* PROBLEM TO SOLVE: Please give every record below again exactly, and keep the pictures out.

* RECORDS FOR THIS EXERCISE:
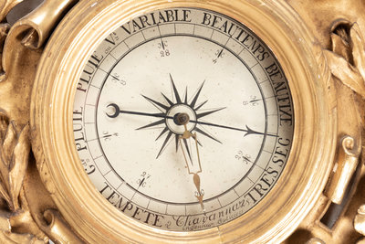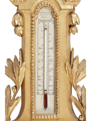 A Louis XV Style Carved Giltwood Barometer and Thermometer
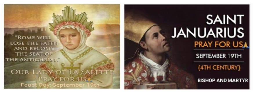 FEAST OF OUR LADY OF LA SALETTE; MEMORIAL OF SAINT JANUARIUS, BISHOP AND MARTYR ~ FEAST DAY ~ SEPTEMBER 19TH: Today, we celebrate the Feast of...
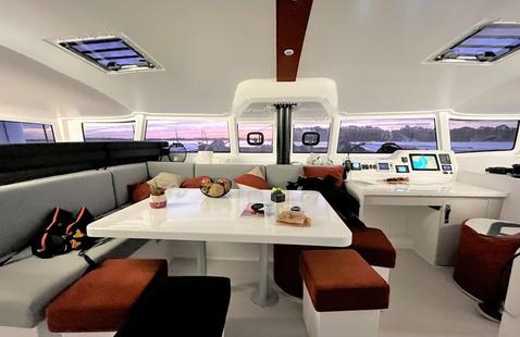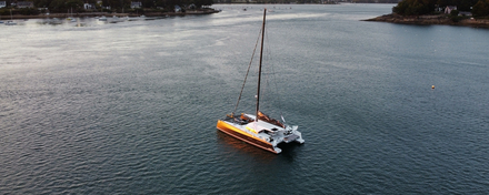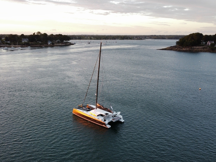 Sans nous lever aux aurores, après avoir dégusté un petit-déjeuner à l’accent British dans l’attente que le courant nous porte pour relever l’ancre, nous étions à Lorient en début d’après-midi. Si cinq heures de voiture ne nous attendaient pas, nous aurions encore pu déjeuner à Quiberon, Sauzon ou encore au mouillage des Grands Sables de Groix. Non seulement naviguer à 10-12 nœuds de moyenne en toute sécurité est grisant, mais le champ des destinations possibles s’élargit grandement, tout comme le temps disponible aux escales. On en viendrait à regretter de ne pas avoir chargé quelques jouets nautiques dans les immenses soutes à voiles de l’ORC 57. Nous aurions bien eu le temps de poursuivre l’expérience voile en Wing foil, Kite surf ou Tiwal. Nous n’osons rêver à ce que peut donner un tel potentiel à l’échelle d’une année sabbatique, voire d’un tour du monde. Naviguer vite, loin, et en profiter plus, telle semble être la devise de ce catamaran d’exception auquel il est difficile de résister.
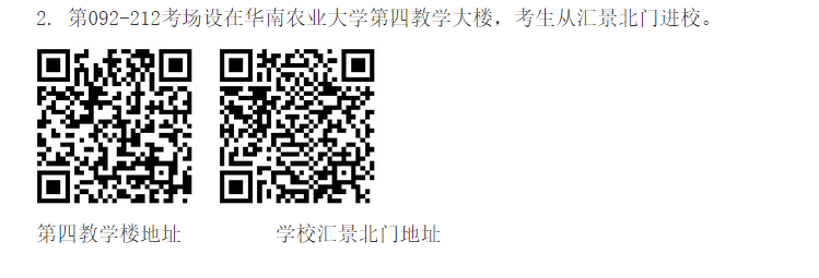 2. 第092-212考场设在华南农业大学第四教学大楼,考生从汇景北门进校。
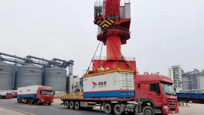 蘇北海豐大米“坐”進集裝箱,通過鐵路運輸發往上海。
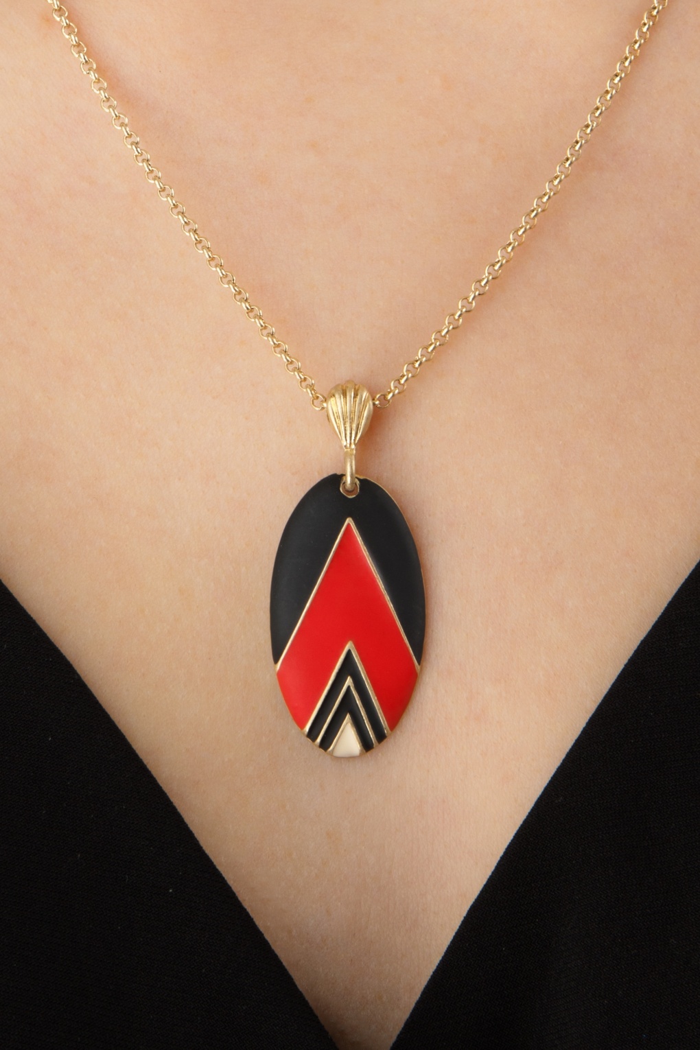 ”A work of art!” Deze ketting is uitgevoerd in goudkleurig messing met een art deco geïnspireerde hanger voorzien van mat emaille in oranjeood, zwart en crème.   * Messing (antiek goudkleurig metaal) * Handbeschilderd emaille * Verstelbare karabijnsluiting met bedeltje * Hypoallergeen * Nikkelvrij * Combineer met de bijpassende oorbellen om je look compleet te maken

* RESPONSE AREA:
 A Louis XV Style Carved Giltwood Barometer and Thermometer
 FEAST OF OUR LADY OF LA SALETTE; MEMORIAL OF SAINT JANUARIUS, BISHOP AND MARTYR ~ FEAST DAY ~ SEPTEMBER 19TH: Today, we celebrate the Feast of...
 Sans nous lever aux aurores, après avoir dégusté un petit-déjeuner à l’accent British dans l’attente que le courant nous porte pour relever l’ancre, nous étions à Lorient en début d’après-midi. Si cinq heures de voiture ne nous attendaient pas, nous aurions encore pu déjeuner à Quiberon, Sauzon ou encore au mouillage des Grands Sables de Groix. Non seulement naviguer à 10-12 nœuds de moyenne en toute sécurité est grisant, mais le champ des destinations possibles s’élargit grandement, tout comme le temps disponible aux escales. On en viendrait à regretter de ne pas avoir chargé quelques jouets nautiques dans les immenses soutes à voiles de l’ORC 57. Nous aurions bien eu le temps de poursuivre l’expérience voile en Wing foil, Kite surf ou Tiwal. Nous n’osons rêver à ce que peut donner un tel potentiel à l’échelle d’une année sabbatique, voire d’un tour du monde. Naviguer vite, loin, et en profiter plus, telle semble être la devise de ce catamaran d’exception auquel il est difficile de résister.
 2. 第092-212考场设在华南农业大学第四教学大楼,考生从汇景北门进校。
 蘇北海豐大米“坐”進集裝箱,通過鐵路運輸發往上海。
 ”A work of art!” Deze ketting is uitgevoerd in goudkleurig messing met een art deco geïnspireerde hanger voorzien van mat emaille in oranjeood, zwart en crème.   * Messing (antiek goudkleurig metaal) * Handbeschilderd emaille * Verstelbare karabijnsluiting met bedeltje * Hypoallergeen * Nikkelvrij * Combineer met de bijpassende oorbellen om je look compleet te maken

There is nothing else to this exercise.